Os experimentos mostraram que, após a substituição do contra-íon cloreto, normalmente associado ao azul de metileno em sua forma comercial, por íons hidroxila em solventes orgânicos como dimetilsulfóxido e tolueno, ocorre a formação de agregados moleculares capazes de promover separação de cargas induzida pela luz. Nessa condição, surgem as espécies oxidada e reduzida do azul de metileno que permanecem estáveis por tempos significativamente maiores do que os observados em sistemas aquosos.

Além disso, os pesquisadores elucidaram a origem da forma vermelha do corante. Os resultados indicam que essa coloração não decorre da formação de um novo produto químico, mas da organização das moléculas em agregados maiores, compostos principalmente por trímeros e tetrâmeros.

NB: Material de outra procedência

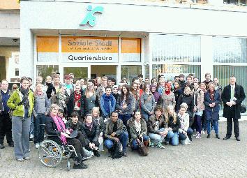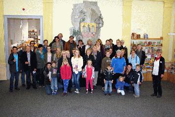 Bevor die erste Stadterkundung startete, wurde ein Erinnerungsfoto gemacht: vorne links sitzend Prof. Sigrun Dechêne, ganz rechts Olaf Pestl und Gabriele Bilke von der Stadt.

Esse processo depende fortemente do meio químico e apresenta uma característica particularmente interessante: a reversibilidade. A simples adição de água é capaz de restaurar a coloração azul original por meio da desagregação.

Para compreender os mecanismos envolvidos, os experimentos espectroscópicos foram combinados com cálculos teóricos baseados na química quântica. As simulações confirmaram a estabilidade dos agregados formados e ajudaram a atribuir as bandas de absorção observadas experimentalmente às diferentes espécies moleculares presentes no sistema.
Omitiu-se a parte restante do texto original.